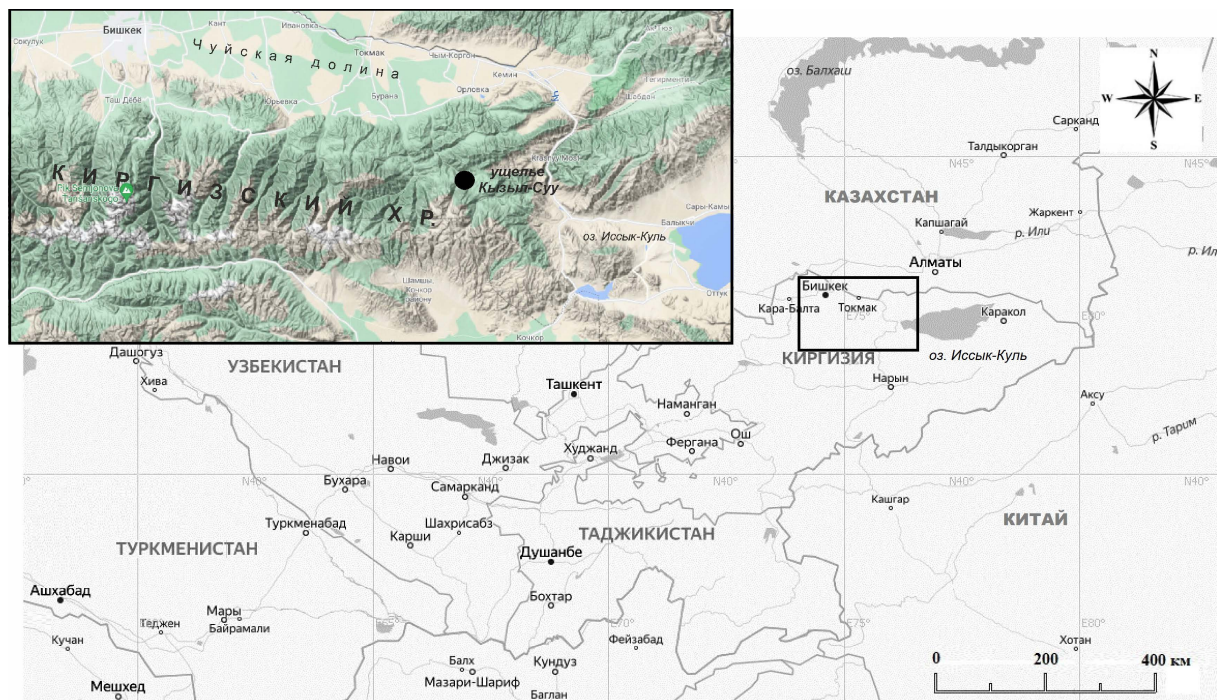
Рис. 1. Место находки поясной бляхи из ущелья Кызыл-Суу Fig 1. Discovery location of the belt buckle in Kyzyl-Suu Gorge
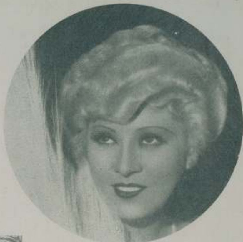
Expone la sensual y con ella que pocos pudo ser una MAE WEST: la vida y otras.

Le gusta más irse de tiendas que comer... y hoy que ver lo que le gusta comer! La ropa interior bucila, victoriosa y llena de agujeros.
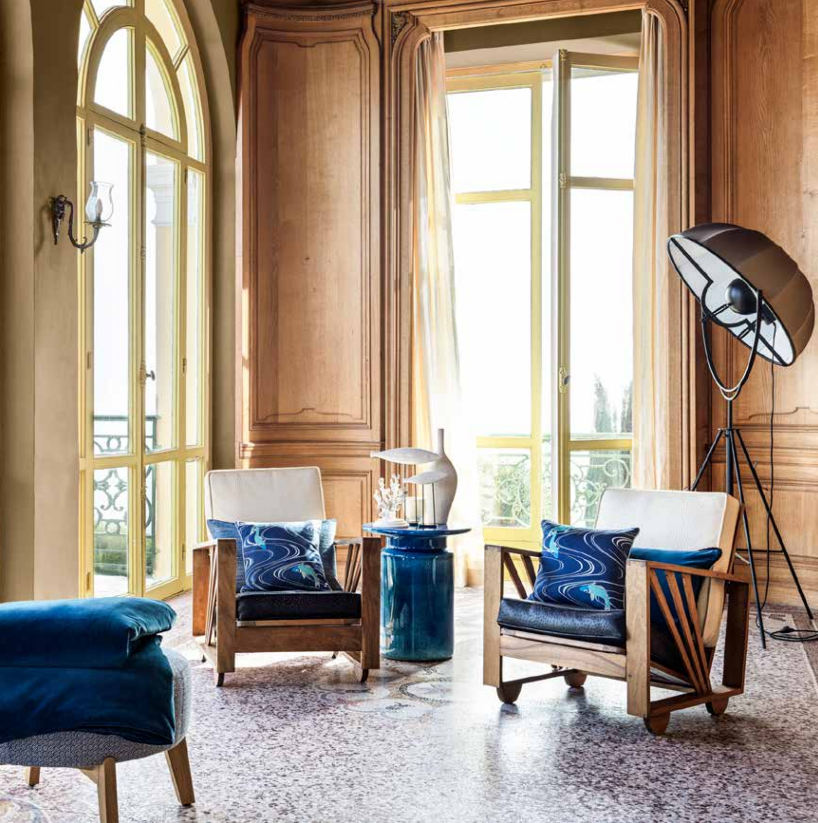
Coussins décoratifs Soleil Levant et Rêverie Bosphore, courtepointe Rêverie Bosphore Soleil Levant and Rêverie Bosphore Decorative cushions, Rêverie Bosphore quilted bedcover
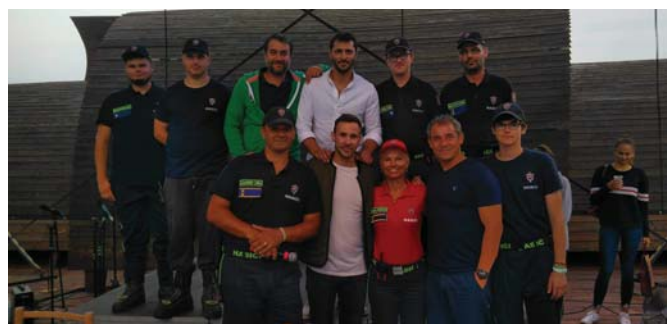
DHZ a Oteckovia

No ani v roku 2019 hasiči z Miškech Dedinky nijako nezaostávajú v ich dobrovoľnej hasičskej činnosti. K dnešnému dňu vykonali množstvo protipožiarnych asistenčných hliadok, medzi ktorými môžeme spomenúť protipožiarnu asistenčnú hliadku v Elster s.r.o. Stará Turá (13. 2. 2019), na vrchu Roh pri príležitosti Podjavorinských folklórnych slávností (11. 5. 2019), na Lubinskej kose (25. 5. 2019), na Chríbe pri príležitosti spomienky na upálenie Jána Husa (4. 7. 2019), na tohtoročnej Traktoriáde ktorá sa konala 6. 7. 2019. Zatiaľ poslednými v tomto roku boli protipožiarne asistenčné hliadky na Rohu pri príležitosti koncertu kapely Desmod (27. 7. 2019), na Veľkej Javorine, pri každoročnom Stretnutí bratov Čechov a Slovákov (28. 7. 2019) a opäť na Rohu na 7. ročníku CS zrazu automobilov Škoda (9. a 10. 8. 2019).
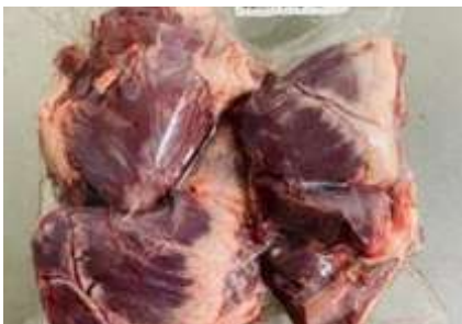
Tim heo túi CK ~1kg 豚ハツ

--

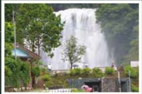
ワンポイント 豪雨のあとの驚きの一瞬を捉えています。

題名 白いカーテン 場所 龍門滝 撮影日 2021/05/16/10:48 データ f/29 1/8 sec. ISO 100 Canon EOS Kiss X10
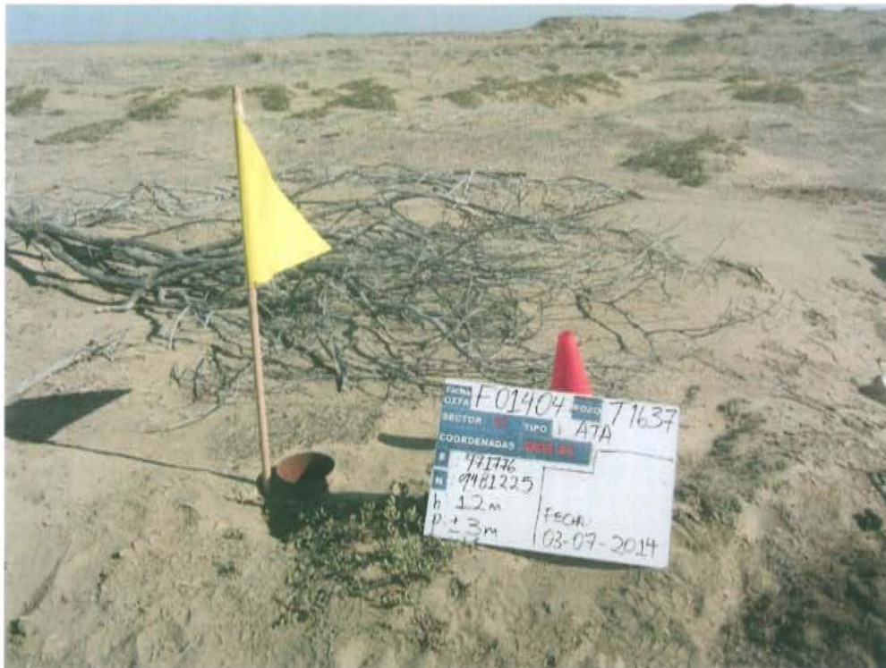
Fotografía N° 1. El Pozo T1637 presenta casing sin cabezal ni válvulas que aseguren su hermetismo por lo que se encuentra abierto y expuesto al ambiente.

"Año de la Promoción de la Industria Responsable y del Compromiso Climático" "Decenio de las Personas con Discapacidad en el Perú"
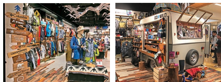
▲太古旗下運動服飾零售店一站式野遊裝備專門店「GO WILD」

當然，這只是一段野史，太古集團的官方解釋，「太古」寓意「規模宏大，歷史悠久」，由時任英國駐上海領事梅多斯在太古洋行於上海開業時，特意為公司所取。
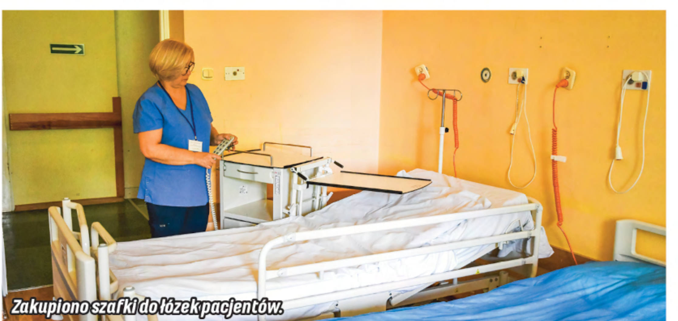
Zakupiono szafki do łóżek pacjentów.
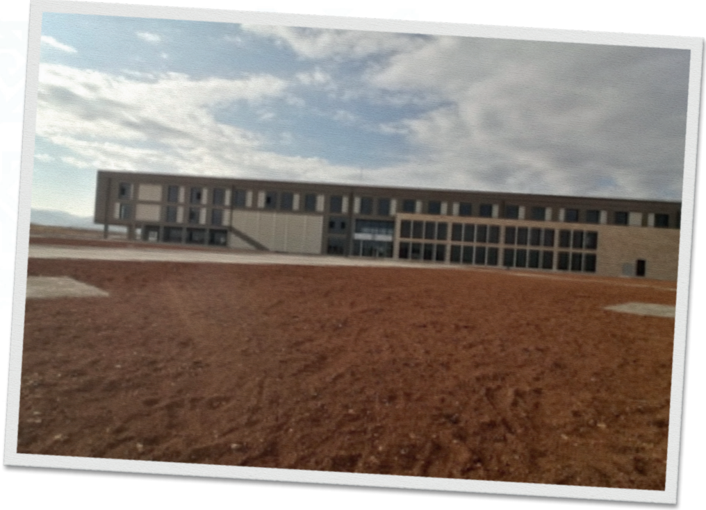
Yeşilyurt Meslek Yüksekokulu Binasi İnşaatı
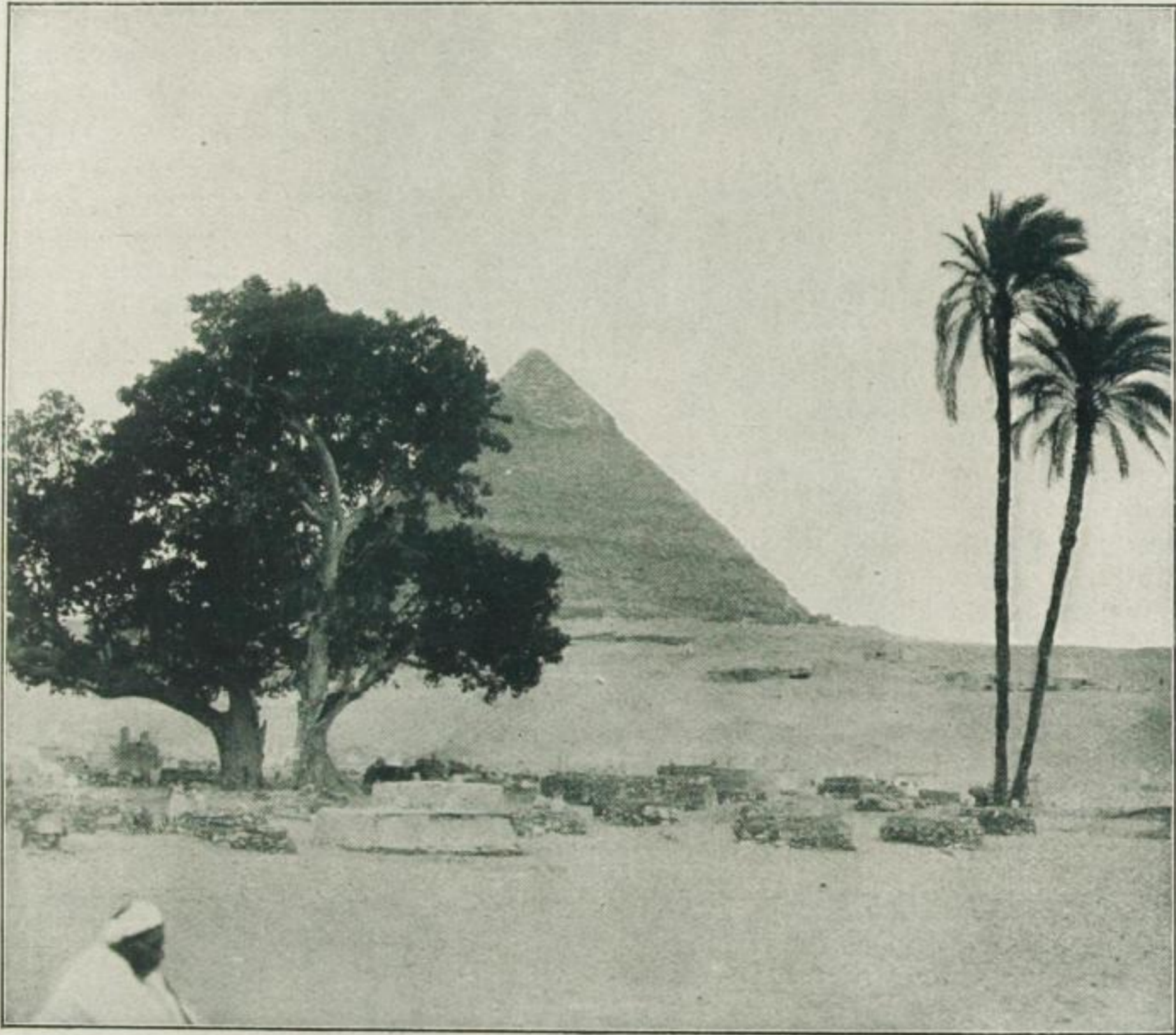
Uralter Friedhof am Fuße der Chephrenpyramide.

* * *

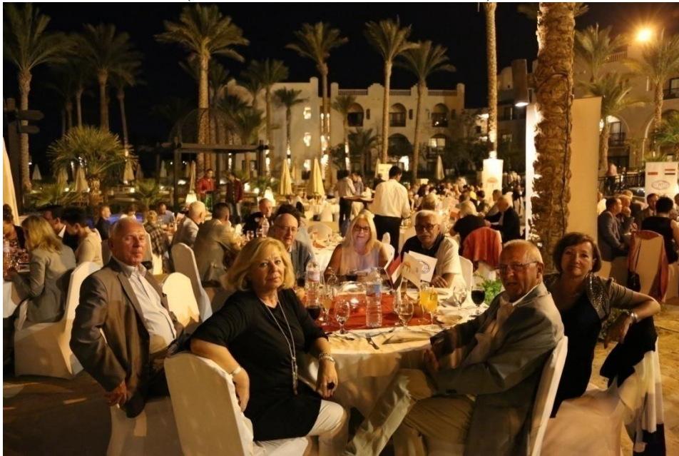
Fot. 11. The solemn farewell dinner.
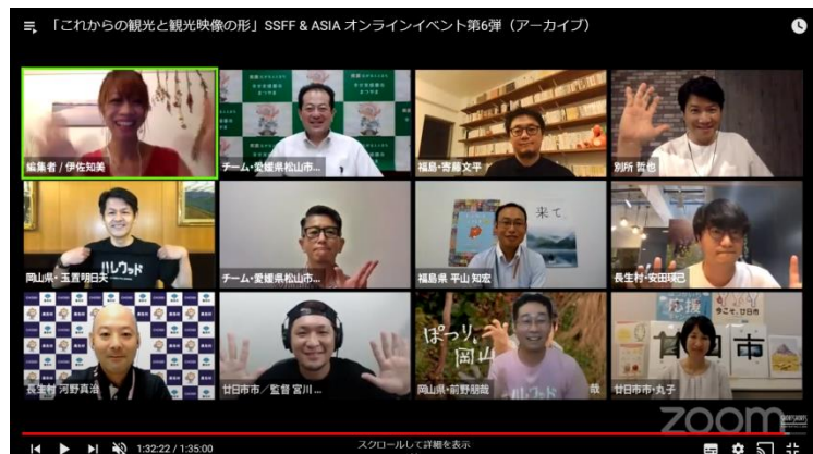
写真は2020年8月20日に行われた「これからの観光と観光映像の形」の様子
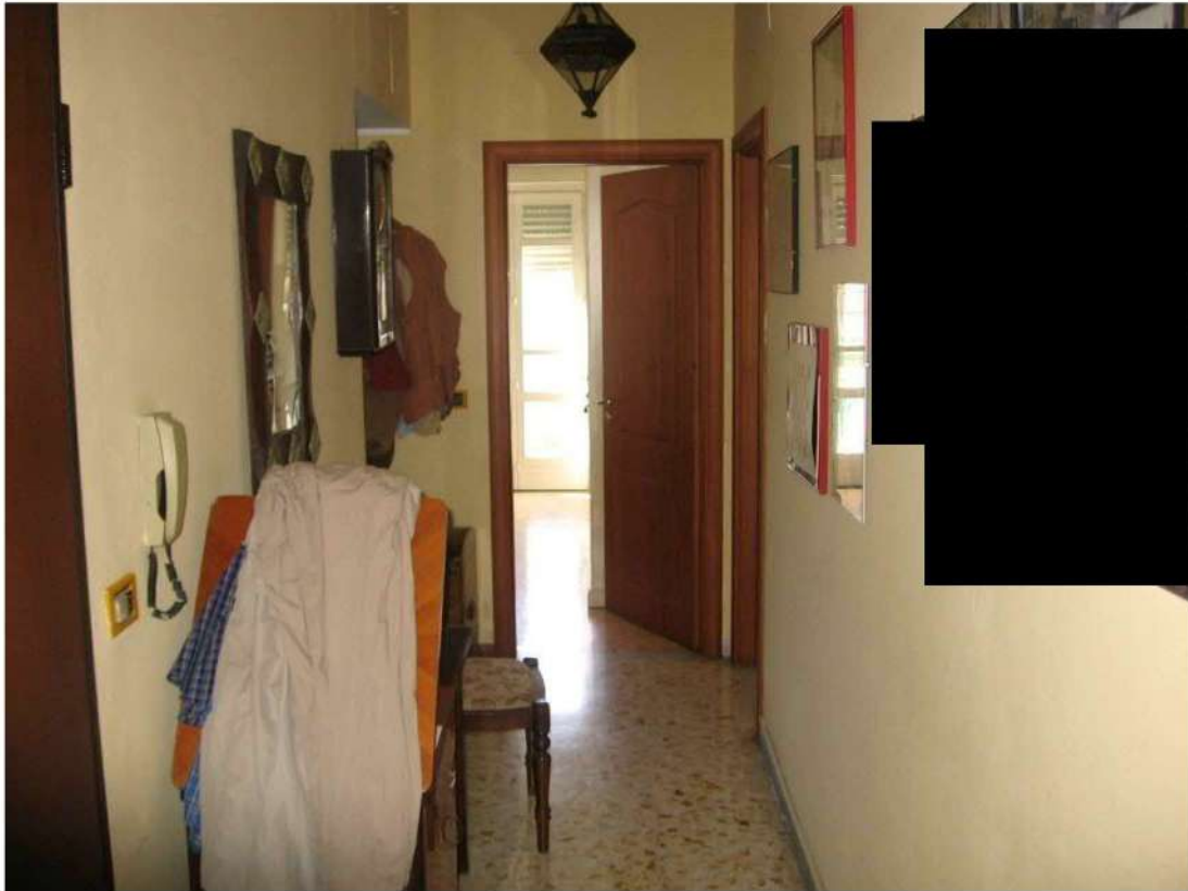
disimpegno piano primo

- **Task prompt**
Between and including the line above that contains "No ani v roku" and the line that contains "Tim heo túi CK ~1kg 豚ハツ", restate every line word for word. Pictures stay out.

- **Exercise result**
No ani v roku 2019 hasiči z Miškech Dedinky nijako nezaostávajú v ich dobrovoľnej hasičskej činnosti. K dnešnému dňu vykonali množstvo protipožiarnych asistenčných hliadok, medzi ktorými môžeme spomenúť protipožiarnu asistenčnú hliadku v Elster s.r.o. Stará Turá (13. 2. 2019), na vrchu Roh pri príležitosti Podjavorinských folklórnych slávností (11. 5. 2019), na Lubinskej kose (25. 5. 2019), na Chríbe pri príležitosti spomienky na upálenie Jána Husa (4. 7. 2019), na tohtoročnej Traktoriáde ktorá sa konala 6. 7. 2019. Zatiaľ poslednými v tomto roku boli protipožiarne asistenčné hliadky na Rohu pri príležitosti koncertu kapely Desmod (27. 7. 2019), na Veľkej Javorine, pri každoročnom Stretnutí bratov Čechov a Slovákov (28. 7. 2019) a opäť na Rohu na 7. ročníku CS zrazu automobilov Škoda (9. a 10. 8. 2019).
Tim heo túi CK ~1kg 豚ハツ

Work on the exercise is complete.